Register for FSF's licensing seminar on October 16 in Raleigh, NC

From September 20

Early registration for the upcoming Continuing Legal Education Seminar (CLE) has closed, but you can still register through Wednesday, October 9th.

The FSF Licensing and Compliance Lab is currently finalizing the schedule for this full day seminar on GPL Enforcement and Legal Ethics, and we will share it online soon. We will continue to offer a discounted price to all legal professionals, free software developers, and anyone interested in licensing and compliance topics. Students and low income professionals will get gratis registration.

Richard M. Stallman resigns

From September 16th

On September 16, 2019, Richard M. Stallman, founder and president of the Free Software Foundation, resigned as president and from its board of directors. The board will be conducting a search for a new president, beginning immediately. Further details of the search will be published on fsf.org. For questions, contact FSF executive director John Sullivan at [email protected].

Microsoft's only gone and published the exFAT spec, now supports popping it in the kernel Linux

From August 28 by Tim Anderson

Microsoft has published the technical specification for exFAT, a file system widely used for removable storage devices. exFAT stands for Extended File Allocation Table and is widely used for things like memory cards. It is the most recent iteration of Microsoft's FAT series, a simple file system that is lightweight but lacks the resiliency and security of file systems like NTFS.

This demonstrates slow but encouraging progress towards meeting the standards we laid out in our statement on Microsoft joining the Open Invention Network.

GNOME Foundation facing lawsuit from Rothschild Patent Imaging

From September 25 by GNOME Foundation

The GNOME Foundation has been made aware of a lawsuit from Rothschild Patent Imaging, LLC over patent 9,936,086. Rothschild allege that Shotwell, a free software personal photo manager infringes this patent. We stand with the GNOME Foundation against this unethical attack on free software.

GNOME Foundation launches Coding Education Challenge

From August 28th by GNOME Foundation

The GNOME Foundation has announced the Coding Education Challenge, a competition aimed to attract projects that offer educators and students new and innovative ideas to teach coding with free software. The $500,000 in funding will support the prizes, which will be awarded to the teams who advance through the three stages of the competition.

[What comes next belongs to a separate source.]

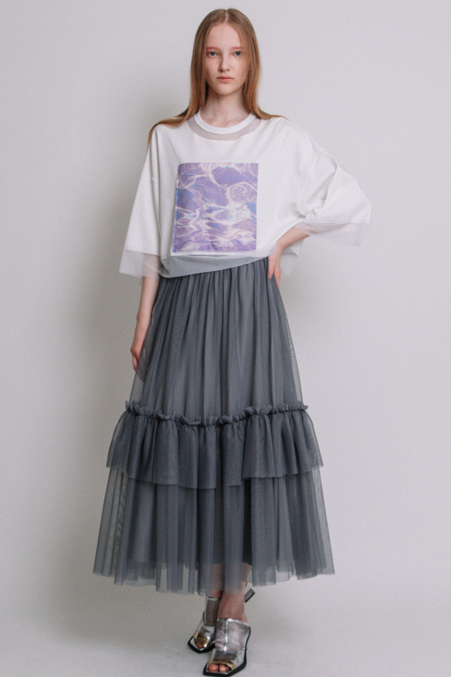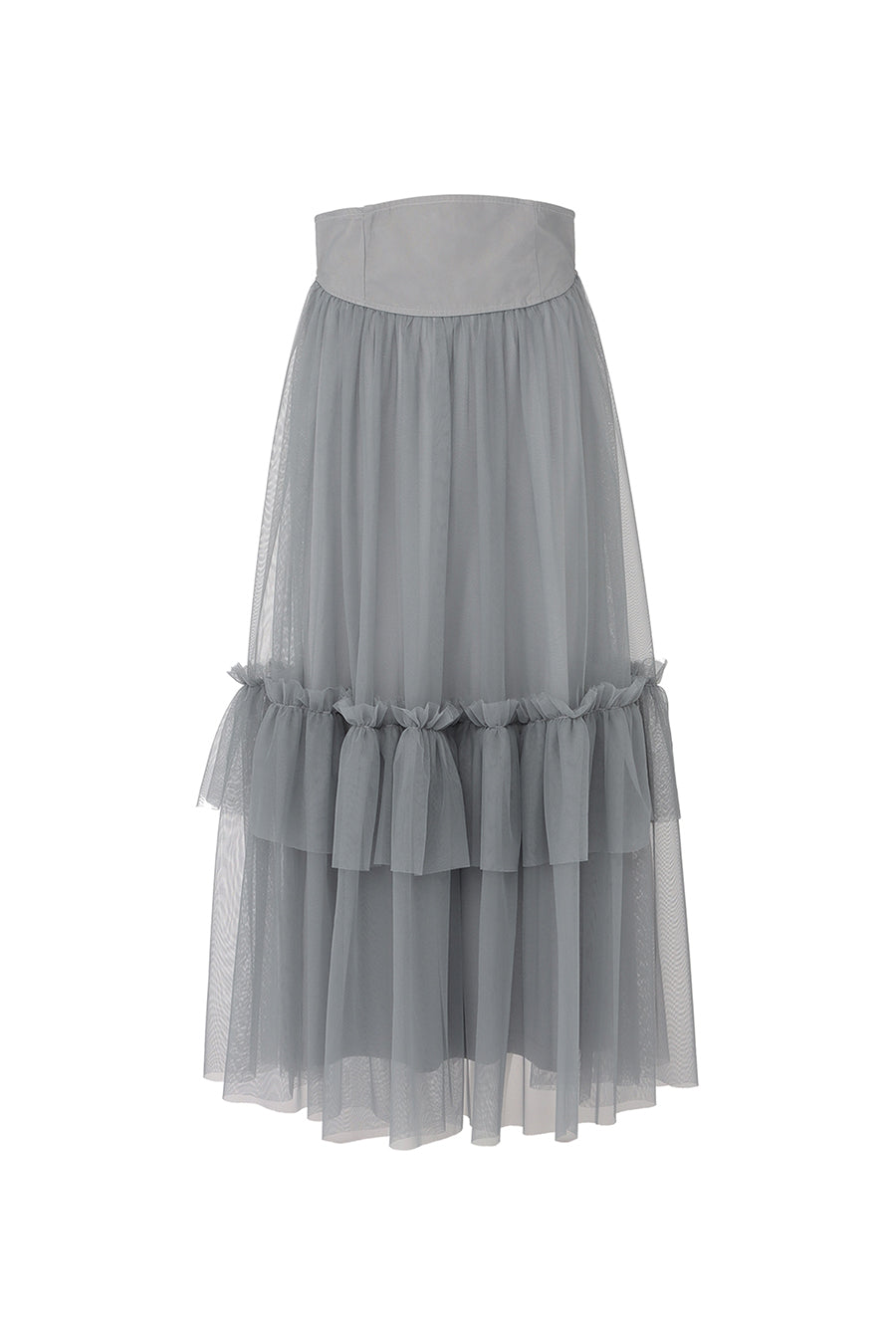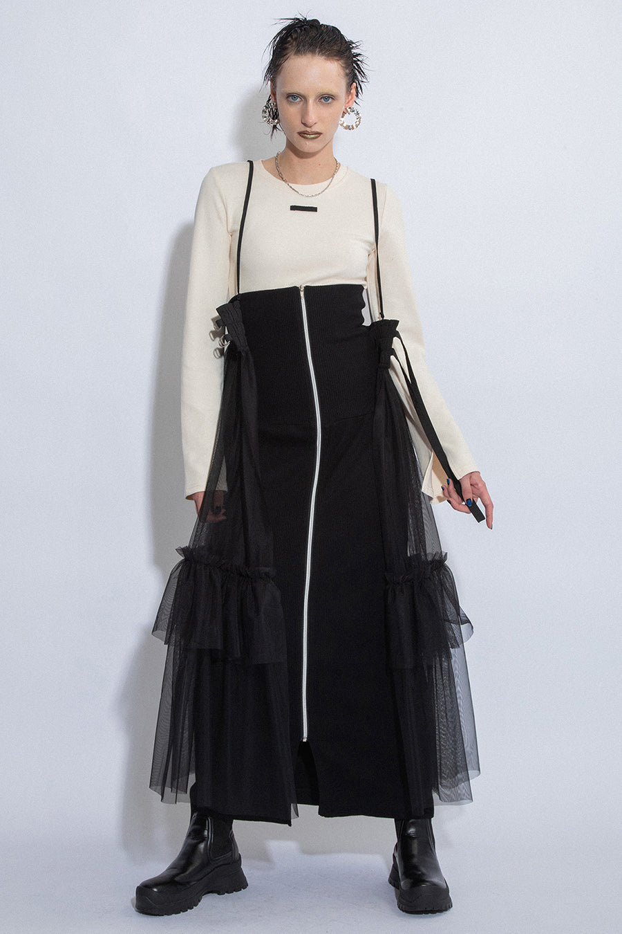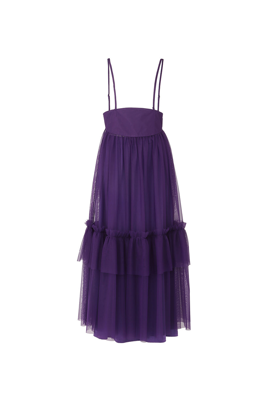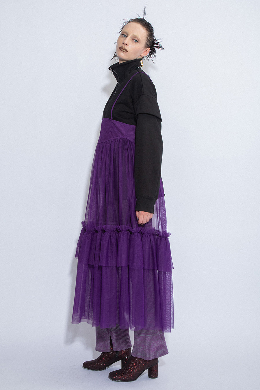 スカートにもキャミワンピースにもなる着回し抜群のチュールティアードスカート。肩ひもは取り外し出来、前後2WAY仕様なのでスタイリングに合わせて多様な着こなしを楽しめるアイテム。

A huge database of Facebook users’ phone numbers found online

From September 5 by Zack Whittaker

TechCrunch is reporting that a Facebook database of 419 million phone numbers has been leaked. More reason to remember that friends shouldn't let Facebook spy on their friends! Encourage everyone you know to wave goodbye to Mark Zuckerberg and move to free and federated alternative social networks.

GNOME 3.34 released

From September 12th by GNOME Foundation

The latest version of GNOME 3 was released on September 12. Version 3.34 contains six months of work by the GNOME community and includes many improvements, performance improvements and new features.

DRM broke its promise

From September 2nd by Cory Doctorow

DRM never delivered a world of flexible consumer choice, but it was never supposed to. Instead, twenty years on, DRM is revealed to be exactly what we feared: an oligarchic gambit to end property ownership for the people, who become tenants in the fields of greedy, confiscatory tech and media companies, whose inventiveness is not devoted to marvelous new market propositions, but, rather, to new ways to coerce us into spending more for less.

Join us to fight back against DRM on October 12, the International Day Against DRM!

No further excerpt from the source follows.